In this post we will make use of generics to reduce the scope of risky code to a minimum while keeping the reusability of the original implementation.
sync.Pool
Go’s sync.Pool provides a way to reuse allocated objects, reducing pressure on the garbage collector. Using generics, we can wrap the original implementation to infer a type-specific implementation of the original pooling mechanism.
// See [sync.Pool].
type Pool[T any] struct {
pool sync.Pool
}
// New optionally specifies a function to generate a value when Get would
// otherwise have no item to return. It may not be changed concurrently with
// calls to Get.
func (p *Pool[T]) New(f func() T) *Pool[T] {
if f != nil {
p.pool.New = func() any { return f() }
} else {
p.pool.New = nil
}
return p
}
// Get removes an arbitrary item from the [Pool] and returns it to the caller.
// Get may choose to ignore the pool and treat it as empty. Callers should not
// assume any relation between values passed to [Pool.Put] and the values
// returned by Get. If Get would be unable to return an item and [Pool.New] was
// called with a non-nil function, Get returns the result of calling this
// function. If no item can be returned, Get returns the zero value.
func (p *Pool[T]) Get() (x T) {
x, _ = p.pool.Get().(T)
return
}
// Put adds x to the Pool.
func (p *Pool[T]) Put(x T) {
p.pool.Put(x)
}
Pools can then be easily instantiated:
// A pool of buffers, newly allocated
// buffers have an initial length of 512.

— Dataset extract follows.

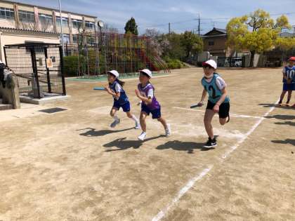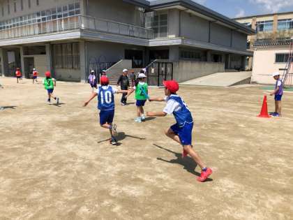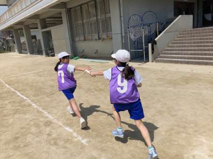 今日から始まったリレーの学習でもバトンパスに重点をおいて練習しています。日本チームの「アンダーハンドパス」とは違い,小学校の体育科では,「オーバーハンドパス」をします。学習カードに書かれているポイントや担任,友だちの助言をもとにチームで協力して記録を伸ばしていきます。
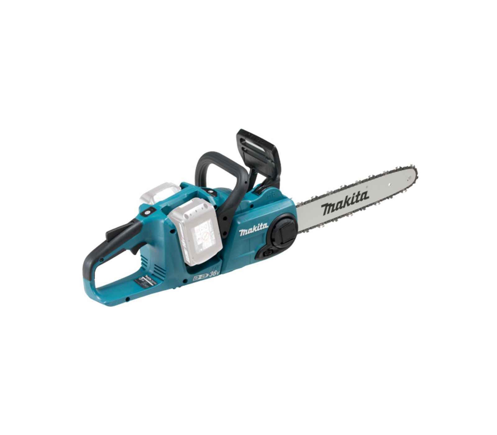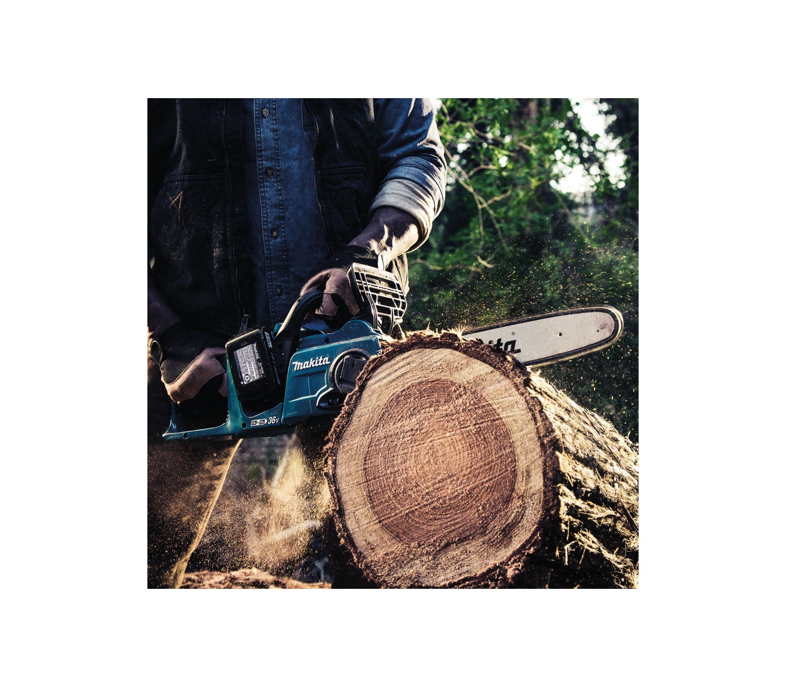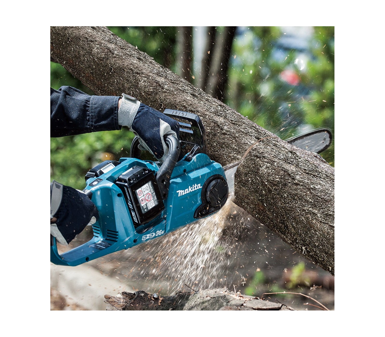 Makita DUC353Z – galingas 36 V akumuliatorinis grandininis pjūklas, naudojantis du 18 V LXT akumuliatorius.

var _ = NewPool(func() []byte {
return make([]byte, 512)
})
// It also implements existing interfaces
var _ = httputil.ReverseProxy{
BufferPool: NewPool(func() []byte {
return make([]byte, 4<<10)
}),
}
sync.Map
Go’s sync.Map provides a map safe for concurrent use. Its use cases are kinda specific, caching being probably one of the most common one.

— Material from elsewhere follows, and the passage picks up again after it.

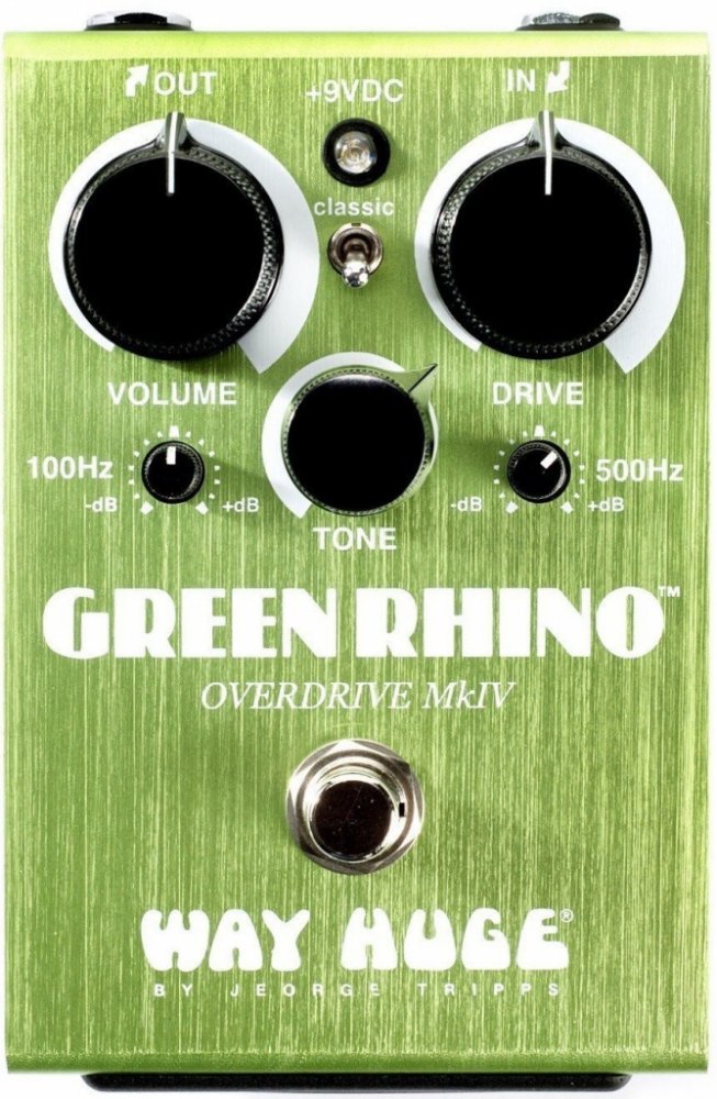 Pedálový efekt typu Overdrive. Green Rhino Mk IV je 4. verzí známého overdrive pedálu, který přináší několik změn. Kromě kompaktnější velikosti je vybaven o dvě tonální funkce, které mají velký vliv na středové a basové frekvence. Přední panel nabízí klasické ovládací prvky Volume pro nastavení hlasitosti, Drive pro nastavení úrovně zkreslení, Tone pro tónovou clonu a dva nové potenciometry, které nabízejí boost nebo cut až 12dB ve frekvenčním pásmu 100Hz a 500Hz. Tato novinka umožňuje detailnější nastavení frekvenční odezvy pedálu. Pro fanoušky původní verze je zde přepínač Classic, který poskytuje zvuk klasického Green Rhina. Pedál je samozřejmě vybaven kvalitním True Bypass spínáním a napájí se pomocí 9V baterie nebo adaptéru, který není součástí balení.

type Map[K, V any] struct {
m sync.Map
}
func (m *Map[K, V]) Clear() {
m.m.Clear()
}
func (m *Map[K, V]) CompareAndDelete(key K, old V) (deleted bool) {
return m.m.CompareAndDelete(key, old)
}
func (m *Map[K, V]) CompareAndSwap(key K, old V, new V) (swapped bool) {
return m.m.CompareAndSwap(key, old, new)
}
func (m *Map[K, V]) Delete(key K) {
m.m.Delete(key)
}
func (m *Map[K, V]) Load(key K) (value V, ok bool) {
var v any
v, ok = m.m.Load(key)
if v != nil {
value = v.(V)
}
return
}
func (m *Map[K, V]) LoadAndDelete(key K) (value V, loaded bool) {
var v any
v, loaded = m.m.LoadAndDelete(key)
if v != nil {
value = v.(V)
}
return
}
func (m *Map[K, V]) LoadOrStore(key K, value V) (actual V, loaded bool) {
var v any
v, loaded = m.m.LoadOrStore(key, value)
if v != nil {
actual = v.(V)
}
return
}
func (m *Map[K, V]) Range(f func(key K, value V) bool) {
m.m.Range(func(key, value any) bool {
var k K
if key != nil {
k = key.(K)
}
var v V
if value != nil {
v = value.(V)
}
return f(k, v)
})
}
func (m *Map[K, V]) Store(key K, value V) {
m.m.Store(key, value)
}
func (m *Map[K, V]) Swap(key K, value V) (previous V, loaded bool) {
var v any
v, loaded = m.m.Swap(key, value)
if v != nil {
previous = v.(V)
}
return
}
Generic sync package
These snippets are properly implemented, tested and documented in a package that you can import into your code: import "github.com/oaiiae/sync-generic".